I Flop della settimana
Di veri e propri flop non se ne sono visti se non la non brillante percentuale dal campo di Nowitzki, 41% dal campo e 25% da 3 punti, il quale ha comunque viaggiato a 15 punti, 6.7 rimbalzi e 3 assist di media. E’ uscito un po’ dalle rotazioni Charlie Villanueva il quale ha giocato solo 7 minuti contro i Celtics e solo 2 nel garbage time contro i Cavs. Ma questo è anche un po’ il sistema di Carlisle nel gestire le rotazioni. Ovvero essere pronti all’occasione come per Aminu che non ha praticamente visto il campo per 5 partite e poi ha giocato 25 minuti inaspettatamente. Quindi Villanueva tornerà anche lui ad avere il suo spazio, deve solo farsi trovare pronto. Un po’ in calo anche Greg Smith per quanto riguarda le statistiche, 4.7 punti e 1.3 rimbalzi di media, uscito anzitempo contro i Cavs per via di un infortunio muscolare che però non dovrebbe rivelarsi nulla di grave.
Obiettivi settimanali
I Mavs questa settimana giocheranno 3 partite: stanotte in casa dei Brooklyn Nets, mercoledi a Dallas contro i Detroit Pistons e sabato in casa dei Los Angeles Clippers.
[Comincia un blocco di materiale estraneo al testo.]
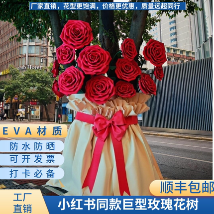 网红大树巨型玫瑰花装饰eva仿真花艺户外抱树上开花造景美陈布置

Si tratta di 3 partite ostiche visto che contro i Nets, nettamente in calo in questa stagione, i Mavs hanno perso le ultime 3 sfide di regular season, i Pistons hanno a loro volta una striscia di 5 successi consecutivi e i Clippers possono battere chiunque. In ogni caso come peggior risultato possiamo aspettarci un 2-1 con una sconfitta in casa dei Clippers che si riveleranno un vero banco di prova per i nuovi Mavs targati Rondo. Il n°9 è già riuscito ad arrestare John Wall, Russell Westbrook e Kyrie Irving e vedremo se riuscirà a mettere la museruola anche a Chris Paul. Da segnalare che stanotte con 13 punti Dirk Nowitzki scavalcerebbe Moses Malone per diventare il 7° miglior marcatore di sempre della NBA.